**What the task asks**:
Set out exactly, line by line, the stretch of data below that begins at the line containing "После концерта в" and ends at the line containing "Herren Cargohose Loosefit", with both ends kept.

**Provided records**:
*** Block opens ***
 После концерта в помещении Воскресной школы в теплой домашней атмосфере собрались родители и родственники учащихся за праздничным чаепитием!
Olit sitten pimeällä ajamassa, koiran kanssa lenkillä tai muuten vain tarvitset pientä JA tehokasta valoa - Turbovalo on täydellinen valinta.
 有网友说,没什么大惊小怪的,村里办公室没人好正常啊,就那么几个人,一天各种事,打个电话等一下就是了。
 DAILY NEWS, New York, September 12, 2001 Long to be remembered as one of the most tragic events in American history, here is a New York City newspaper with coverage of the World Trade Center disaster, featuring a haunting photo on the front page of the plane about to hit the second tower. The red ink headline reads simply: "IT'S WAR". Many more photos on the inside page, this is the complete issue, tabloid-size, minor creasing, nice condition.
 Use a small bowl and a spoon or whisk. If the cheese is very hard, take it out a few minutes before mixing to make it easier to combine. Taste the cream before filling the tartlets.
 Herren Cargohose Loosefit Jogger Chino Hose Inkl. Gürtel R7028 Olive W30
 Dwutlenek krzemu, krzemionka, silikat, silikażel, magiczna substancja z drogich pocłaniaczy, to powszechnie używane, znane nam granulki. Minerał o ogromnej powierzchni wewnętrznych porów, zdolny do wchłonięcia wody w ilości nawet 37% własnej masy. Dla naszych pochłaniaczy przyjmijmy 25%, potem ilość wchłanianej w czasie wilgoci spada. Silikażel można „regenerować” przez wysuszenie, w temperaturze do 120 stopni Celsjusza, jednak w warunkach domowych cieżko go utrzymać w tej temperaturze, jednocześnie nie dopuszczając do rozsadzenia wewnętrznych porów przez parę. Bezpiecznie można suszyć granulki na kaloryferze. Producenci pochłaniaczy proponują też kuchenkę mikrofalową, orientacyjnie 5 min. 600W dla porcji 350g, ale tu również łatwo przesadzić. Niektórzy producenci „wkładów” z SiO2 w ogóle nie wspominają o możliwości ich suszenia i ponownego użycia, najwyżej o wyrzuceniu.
*** Block closes ***
*** Block opens ***
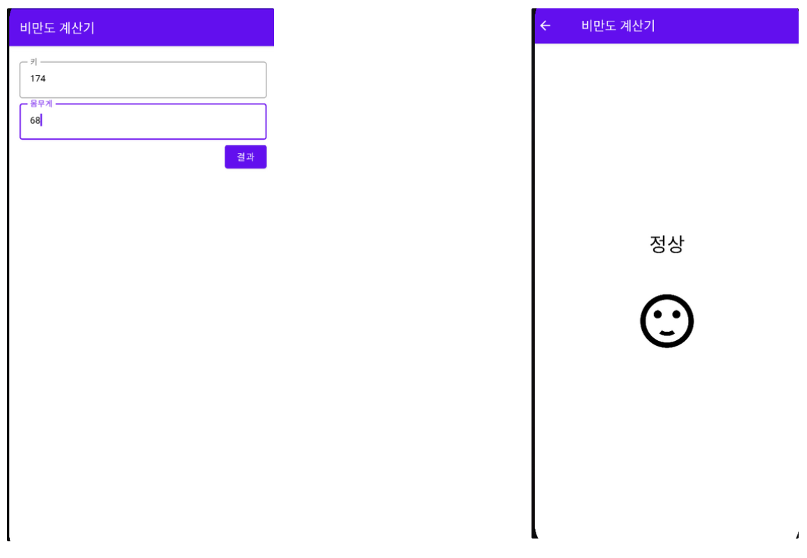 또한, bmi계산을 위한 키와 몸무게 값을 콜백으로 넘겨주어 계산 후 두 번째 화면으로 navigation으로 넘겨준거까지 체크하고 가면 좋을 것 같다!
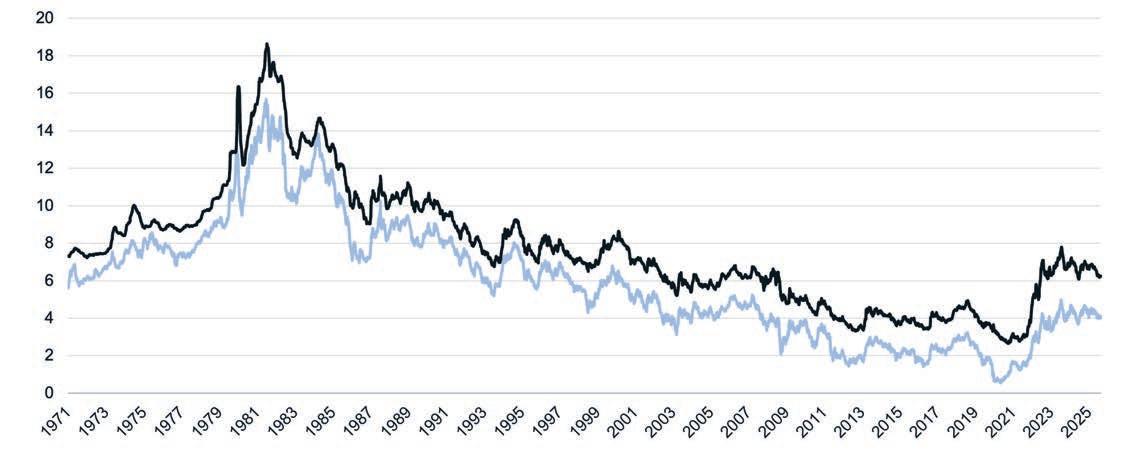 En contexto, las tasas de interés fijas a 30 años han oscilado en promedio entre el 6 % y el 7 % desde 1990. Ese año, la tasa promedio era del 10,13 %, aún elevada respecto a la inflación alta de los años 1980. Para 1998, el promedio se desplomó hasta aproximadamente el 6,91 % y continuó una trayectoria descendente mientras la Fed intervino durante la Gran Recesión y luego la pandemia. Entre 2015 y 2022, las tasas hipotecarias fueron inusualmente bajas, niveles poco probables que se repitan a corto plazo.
*** Block closes ***
**Response for this exercise**:
 После концерта в помещении Воскресной школы в теплой домашней атмосфере собрались родители и родственники учащихся за праздничным чаепитием!
Olit sitten pimeällä ajamassa, koiran kanssa lenkillä tai muuten vain tarvitset pientä JA tehokasta valoa - Turbovalo on täydellinen valinta.
 有网友说,没什么大惊小怪的,村里办公室没人好正常啊,就那么几个人,一天各种事,打个电话等一下就是了。
 DAILY NEWS, New York, September 12, 2001 Long to be remembered as one of the most tragic events in American history, here is a New York City newspaper with coverage of the World Trade Center disaster, featuring a haunting photo on the front page of the plane about to hit the second tower. The red ink headline reads simply: "IT'S WAR". Many more photos on the inside page, this is the complete issue, tabloid-size, minor creasing, nice condition.
 Use a small bowl and a spoon or whisk. If the cheese is very hard, take it out a few minutes before mixing to make it easier to combine. Taste the cream before filling the tartlets.
 Herren Cargohose Loosefit Jogger Chino Hose Inkl. Gürtel R7028 Olive W30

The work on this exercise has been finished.